By: Kevin Thomas ~Copy Editor~
Over the winter break, I did quite a bit of thinking about the people whom I will probably never see again because the only conversation that I had with them was in line at the grocery store, waiting to check out. You know, the background characters in life, the extras in your movie.
I want you to do the same. These background characters are the people whom you only meet at the intersection, and just like perpendicular lines, you will never meet again. However, just because you will never meet them again doesn’t mean that they have to play the sole part of being someone that you met once. The effect of these people can last forever in your life, but only if you don’t brush them off as unimportant.
I was in New Orleans last year around Halloween with my friend Dan. He and I were riding around on the streetcar, exploring the city one evening, when a young guy in his mid-20s with sloppy brown hair sat down in front of us and turned around to make conversation.
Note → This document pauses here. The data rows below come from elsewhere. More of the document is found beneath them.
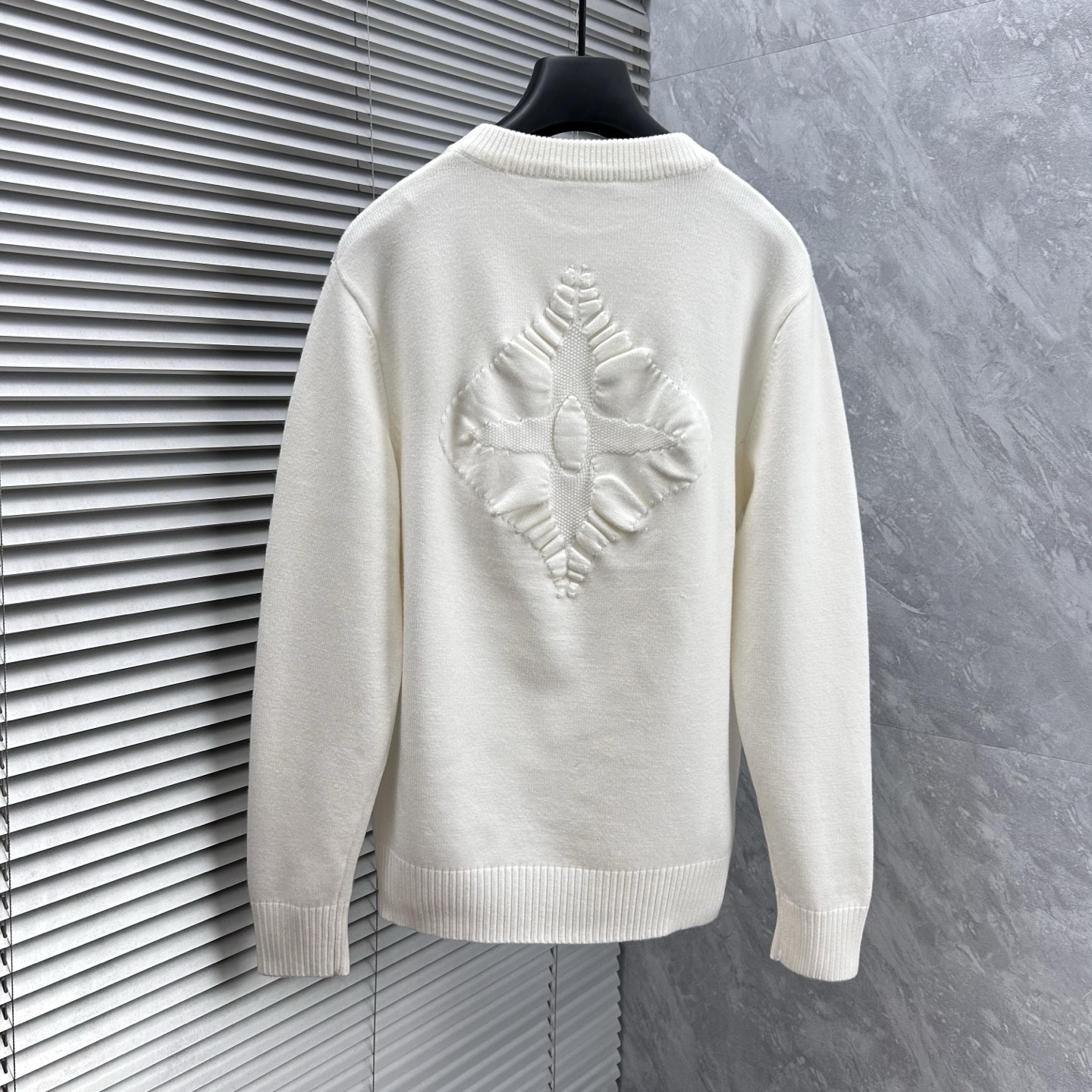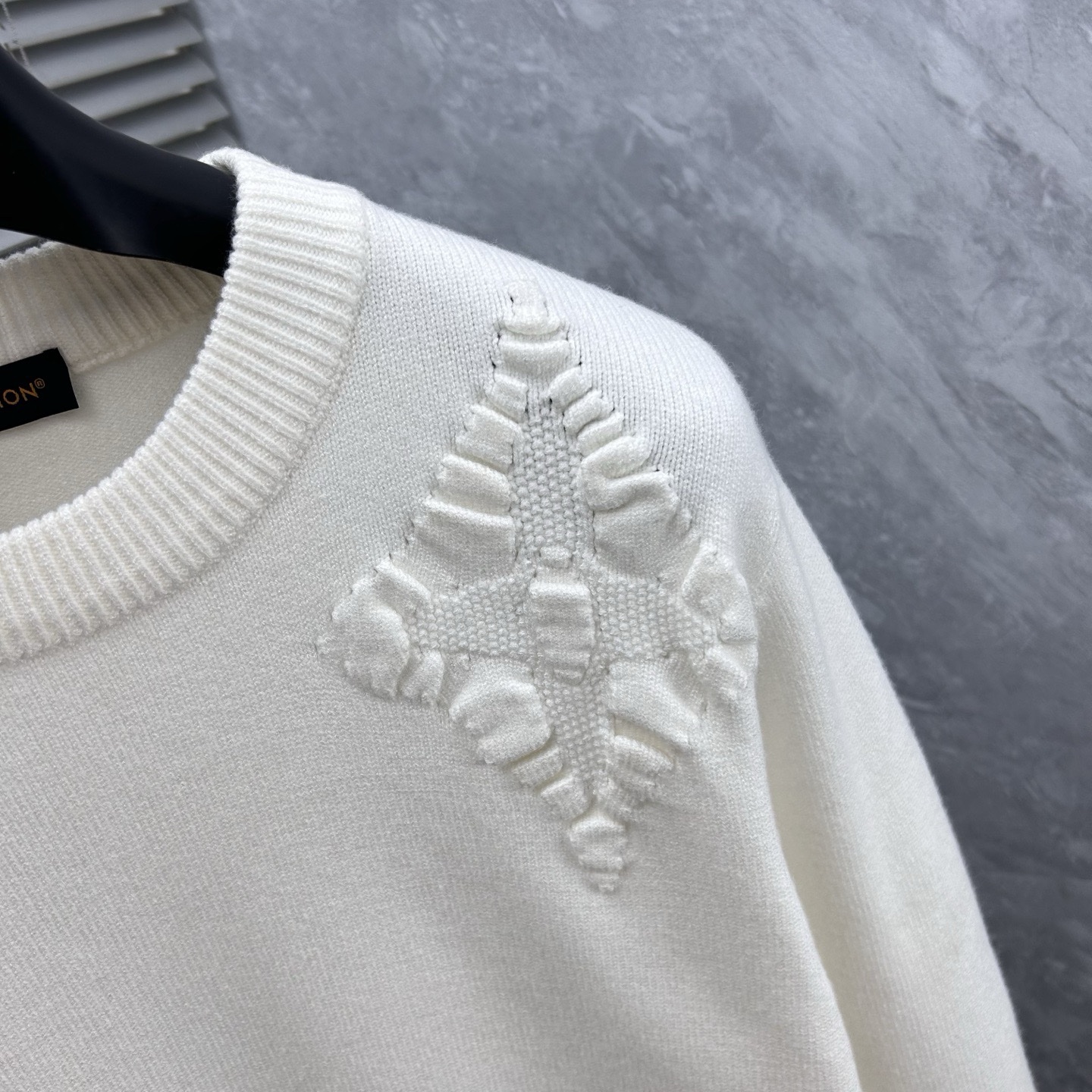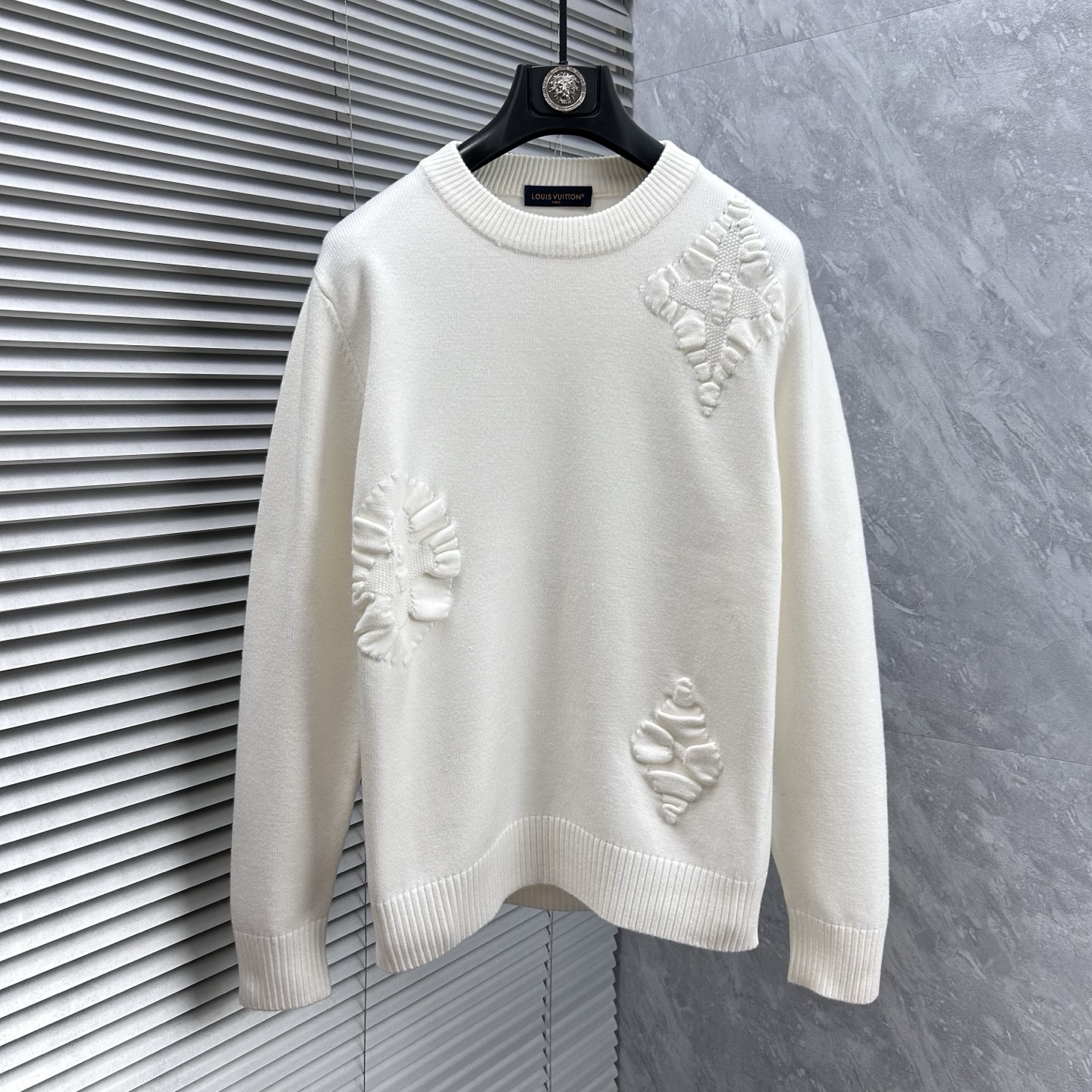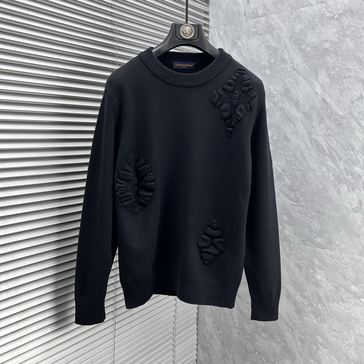 Изделие принадлежит известному французскому дому моды Louis Vuitton, специализирующемуся на предметах роскоши. На груди кофты вышиты четыре фирменных монограммных символа бренда, выполненные синими и черными нитками.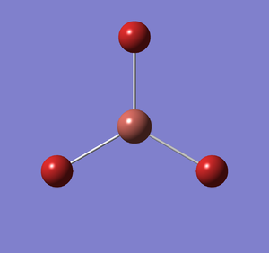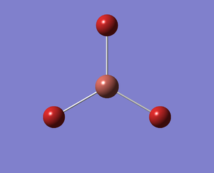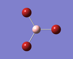 A molecule of BBr3 was created from the fully optimised BH3 (6-31G(d,p)) molecule. It was then optimised, with the calculation being carried out on the HPC using psuedo-potentials. The output log file is linked to here and the link to the D-space file is http://dx.doi.org/10042/23205. A Gaussview image of the optimised molecule is shown in Figure 14.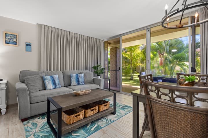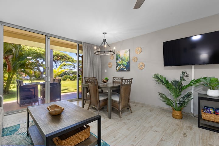 Este apartamento recientemente remodelado se encuentra en la planta baja, lo que permite un acceso rápido y fácil a la piscina. Este lujoso estudio está amueblado con una cama tamaño king y un sofá cama tamaño queen, lo que permite alojar hasta dos personas. Disfruta de la cocina y el baño totalmente equipados, junto con muebles tropicales y detalles personalizados. Disfruta del aire acondicionado central o abre las puertas para que entre la fresca brisa de Maui. Esta unidad seguramente será todo lo que necesita para una vida fácil en la isla.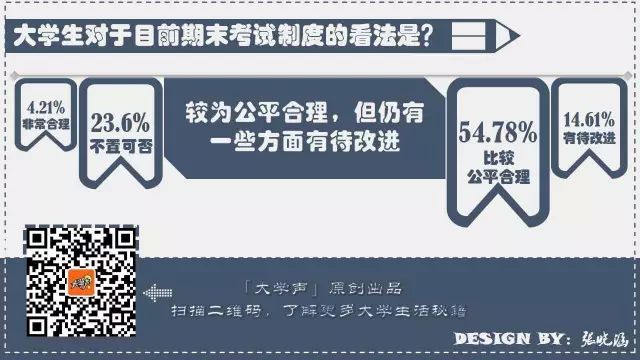 所以我们上周设计了调查问卷,想了解一下同学们的期末考试是采取什么样的形式,监考是不是严格,需不需要熬夜复习,以及对大学里永远的热门话题——挂科与作弊的看法。以下是得出的调查报告: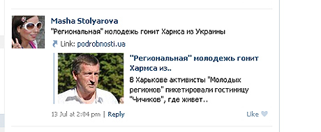 Тогда Молодые регионы заявили, что не имеют отношения к этой акции. Однако в своем Вконтакте, Столярова разместила ссылку на сообщение об их акции и дописала: "Региональная" Молодежь гонит Хармса".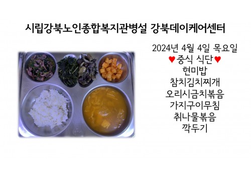 [데이케어] 2024년 4월 4일(목) 중식·간식·석식 식단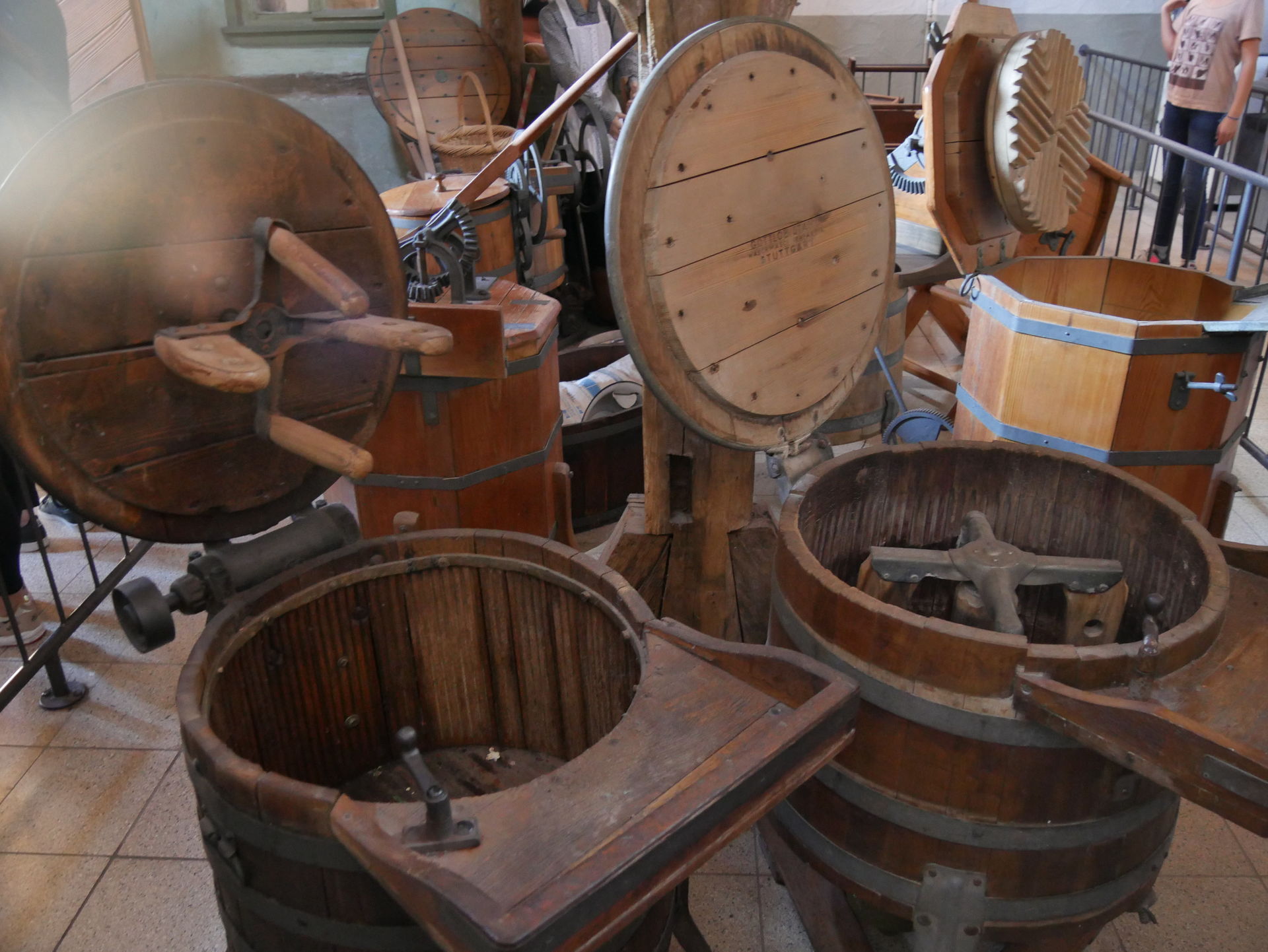 Das Waschzuber-Rafting von Hafema hat, wie viele der anderen Attraktionen auch, eine Art Museum in den Wartebereich integriert. Hier kann man einige historische Waschmaschinen und sonstige Utensilien aus diversen Jahrzehnten bewundern, Thematisierung at its best!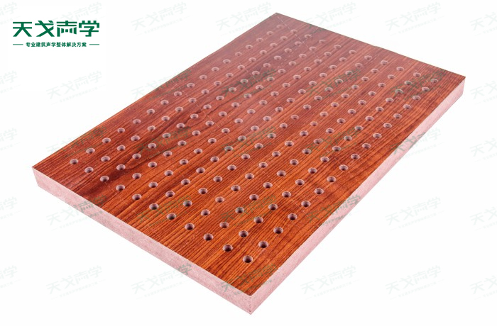 天戈會議室孔木吸音板飾面顏色及材料選擇性廣,孔徑、孔距可根據客戶要求調整,能很好地滿足客戶多樣化的聲學及裝飾需求。孔木吸音板對吸聲頻譜選擇性較強,對中低頻有很好的吸聲性能。如在吸聲結構后空腔上填入適量的吸聲棉可提高中、高頻吸聲效果。
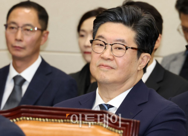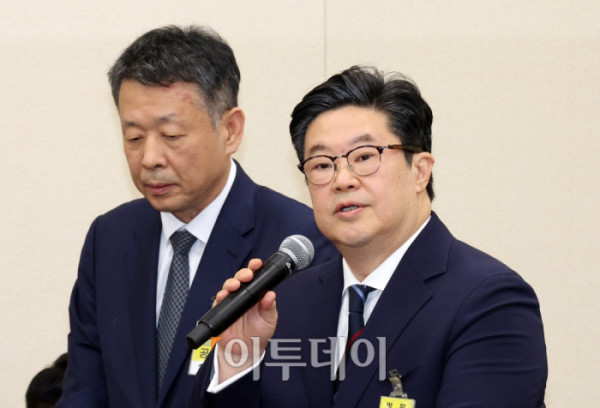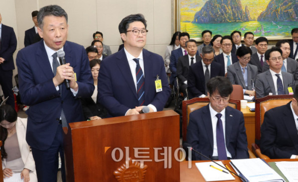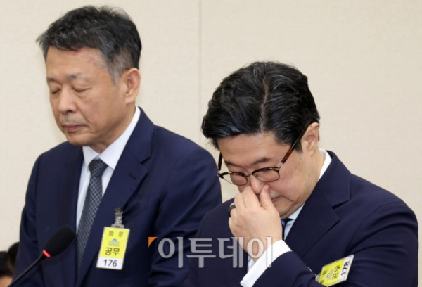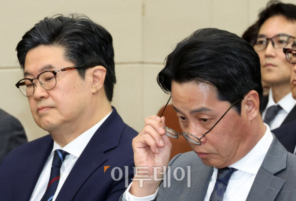 ▲김광일(왼쪽) 홈플러스 대표와 김병주 MBK파트너스 회장이 14일 서울 여의도 국회 정무위원회 국정감사에서 증인으로 출석해 의원 질의에 답하고 있다. 고이란 기자 photoeran@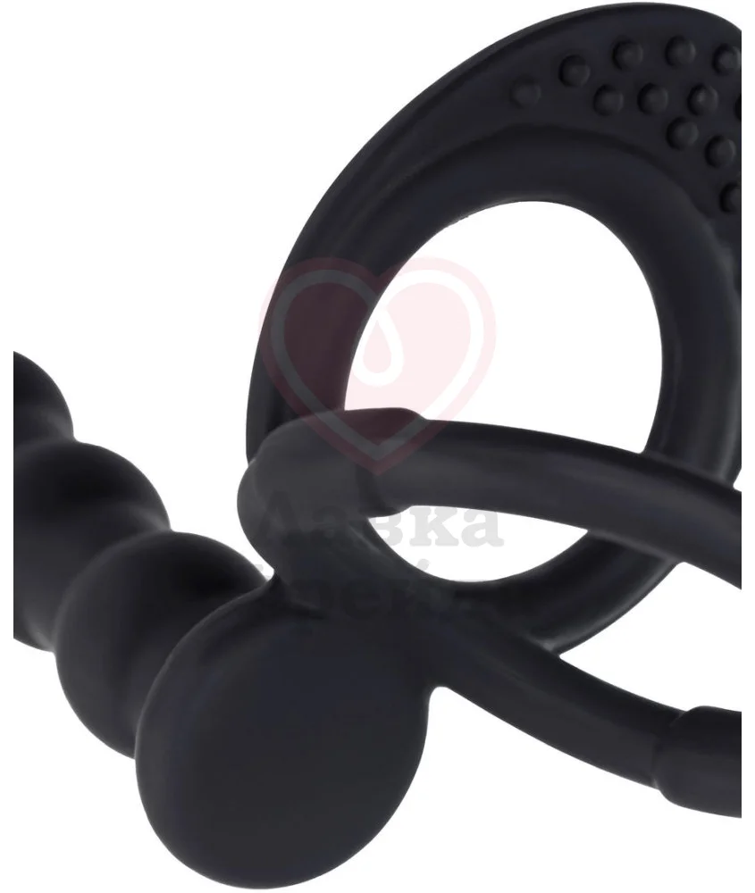 Лаконичная чёрная насадка на член Black Red by Toyfa - это анальная ёлочка, состоящая из пяти "звеньев", и два эрекционных кольца, верхнее из которых имеет фактурную поверхность с пупырышками, для дополнительной стимуляции клитора партнерши во время секса. Одно кольцо устанавливается на основании ствола, а второе обхватывает яички, замедляя наступление оргазма.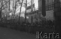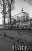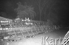 3.11.1984, Warszawa, Polska. Pogrzeb księdza Jerzego Popiełuszki w Kościele św. Stanisława Kostki na warszawskim Żoliborzu - wierni zgromadzeni na Placu Komuny Paryskiej (ob. Plac Wilsona). Fot. NN, zbiory Ośrodka KARTA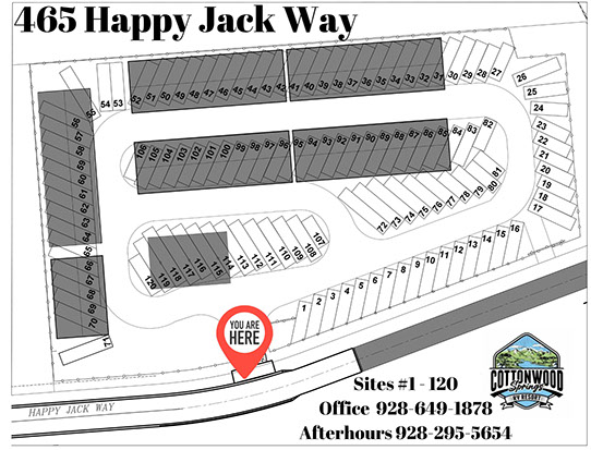The map below is a rendering of the covered storage area and lot numbers. Call or email us for more information!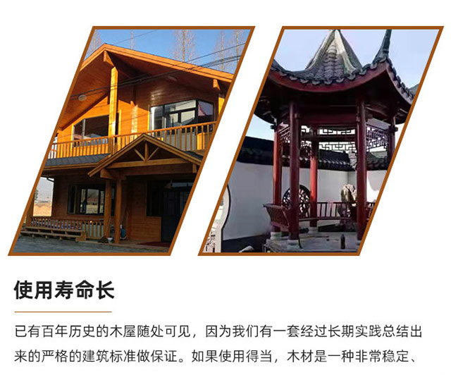 • 已有百年歷史的木屋隨處可見(jiàn),因?yàn)槲覀冇幸惶捉?jīng)過(guò)長(zhǎng)期實(shí)踐總結(jié)出 來(lái)的嚴(yán)格的建筑標(biāo)準(zhǔn)做保證。如果使用得當(dāng),木材是一種非常穩(wěn)定、 壽命長(zhǎng)、耐久性強(qiáng)的材料。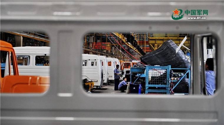 中国兵器工业内蒙古第一机械集团公司车身公司内室生产线的工作人员在进行车辆内室组装。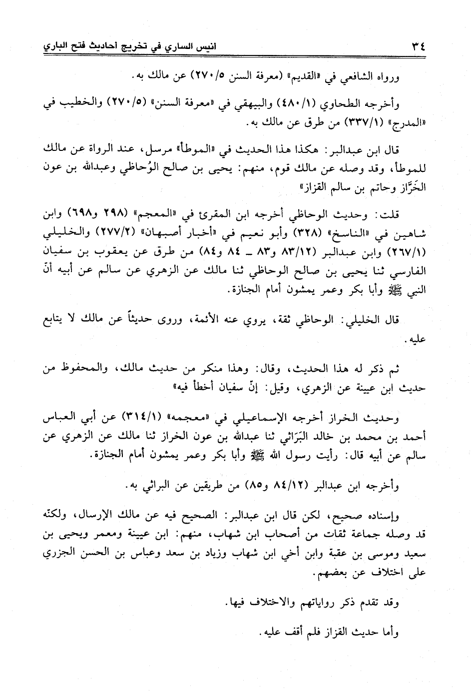 قلت: وحديث الوحاظي أخرجه ابن المقرىء في "المعجم" (298 و698) وابن شاهين في "الناسخ" (328) وأبو نعيم في "أخبار أصبهان" (2/ 277) والخليلي (1/ 267) وابن عبد البر (12/ 83 و83 - 84 و84) من طرق عن يعقوب بن سفيان الفارسي ثنا يحيى بن صالح الوحاظي ثنا مالك عن الزهري عن سالم عن أبيه أنّ النبي -صلى الله عليه وسلم- وأبا بكر وعمر يمشون أمام الجنازة.

I found out that he was from Charlotte and that he worked for American Airlines, so he freely traveled to new cities all the time, spending one night in each place getting drunk and wandering around. He asked us how he could get to a graveyard that night because he wanted to get spooked while he was in New Orleans. Being tourists ourselves, we had no idea, and “Charlotte,” as we began to call him (we never learned his real name,) got off at the next stop and decided that he would just hop in an Uber.
I doubt that I will ever see him again, and I am completely fine with that. I’m pretty sure that I wouldn’t recognize him even if I did. Charlotte played his role in my life, adding flavor to the story of my journey in New Orleans and causing me to think more about exploring different places, without a care in the world about creating an itinerary for things to do when in a new place. Charlotte just did whatever he wanted. He wandered around, ignorant, and saw more of New Orleans than a person who had carefully planned everything would have.
It doesn’t have to be a person whom you have a conversation with that warrants extensive contemplation and thought. It could be anyone that you run into, anywhere. I was walking in the park one day thinking when I saw an old man walking his dog. The dog urinated on a tree, then sniffed the spot that she had wet, and the man grumbled to himself about the dog needing to move along. Then he looked up and said to himself, not even noticing that I was there, “Some people check their e-mail, but you always check your pee-mail,” and he cackled to himself way too loudly, in my opinion, at probably one of the worst jokes that I have ever heard.

But still, I couldn’t stop thinking about him for the rest of the day. The old man in the park, struggling to get his dog to move along at the speed that he thought was proper. The way that he laughed at his own joke that he probably thought was incredible. I wondered if he went home and told his significant other that joke, and they just shook their head and smiled at his unfunniness, smiled because they loved him regardless.
I wondered if he even had a significant other, or if he lived alone with his dog. She might have been his only friend.
I don’t know anything about that old man in the park in the same way that I pretty much don’t know anything about Charlotte, and I am fine with my ignorance. It’s more fun that way. I get to wonder about the mysteries of who they are, why they do what they do and I get to decide whatever I want about them. They can be a hero or a villain, a moralist or a degenerate.
I want you, reading these thoughts of mine, to do the same when you come across someone like that. Use your creativity. Make these people that you don’t know, and never will know into something great. Let yourself be swept away in the wonderment of which you imagine them to be, and the lessons that you can draw from the short time that you spent in their presence.